In the records below, reproduce exactly the lines from the one containing "12月17日,交通执法一支队" through the one containing "江苏翔鹰称,其年产3000吨", both included, and omit the pictures.

# DATA FOR THIS TASK
--- START ---
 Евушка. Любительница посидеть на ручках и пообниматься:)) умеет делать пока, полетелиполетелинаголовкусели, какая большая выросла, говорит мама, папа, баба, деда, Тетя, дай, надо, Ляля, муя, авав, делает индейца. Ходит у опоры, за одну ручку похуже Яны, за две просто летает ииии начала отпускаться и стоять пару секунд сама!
--- END ---
--- START ---
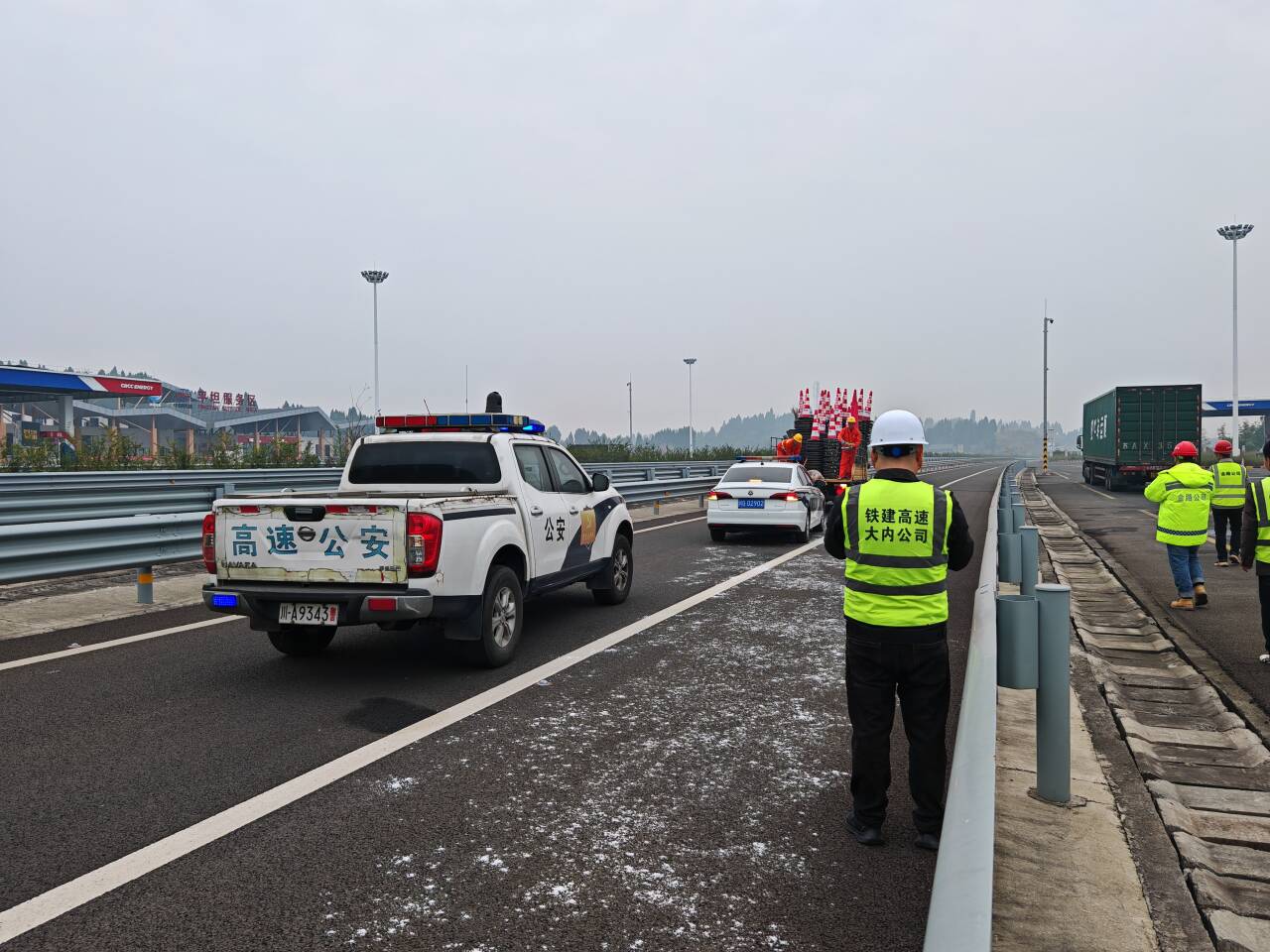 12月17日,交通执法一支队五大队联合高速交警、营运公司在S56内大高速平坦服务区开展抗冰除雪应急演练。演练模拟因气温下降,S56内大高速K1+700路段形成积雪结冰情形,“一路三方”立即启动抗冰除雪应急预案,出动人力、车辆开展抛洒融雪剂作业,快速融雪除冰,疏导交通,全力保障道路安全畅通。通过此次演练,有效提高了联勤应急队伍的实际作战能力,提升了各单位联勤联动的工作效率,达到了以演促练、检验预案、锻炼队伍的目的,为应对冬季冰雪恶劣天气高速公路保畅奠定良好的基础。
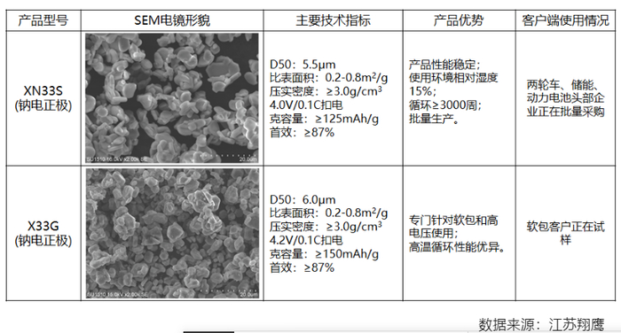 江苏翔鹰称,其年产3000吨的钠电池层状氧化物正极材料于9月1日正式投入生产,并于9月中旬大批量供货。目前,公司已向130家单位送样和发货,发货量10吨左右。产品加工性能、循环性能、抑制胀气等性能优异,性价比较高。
--- END ---
# THE ANSWER
 12月17日,交通执法一支队五大队联合高速交警、营运公司在S56内大高速平坦服务区开展抗冰除雪应急演练。演练模拟因气温下降,S56内大高速K1+700路段形成积雪结冰情形,“一路三方”立即启动抗冰除雪应急预案,出动人力、车辆开展抛洒融雪剂作业,快速融雪除冰,疏导交通,全力保障道路安全畅通。通过此次演练,有效提高了联勤应急队伍的实际作战能力,提升了各单位联勤联动的工作效率,达到了以演促练、检验预案、锻炼队伍的目的,为应对冬季冰雪恶劣天气高速公路保畅奠定良好的基础。
 江苏翔鹰称,其年产3000吨的钠电池层状氧化物正极材料于9月1日正式投入生产,并于9月中旬大批量供货。目前,公司已向130家单位送样和发货,发货量10吨左右。产品加工性能、循环性能、抑制胀气等性能优异,性价比较高。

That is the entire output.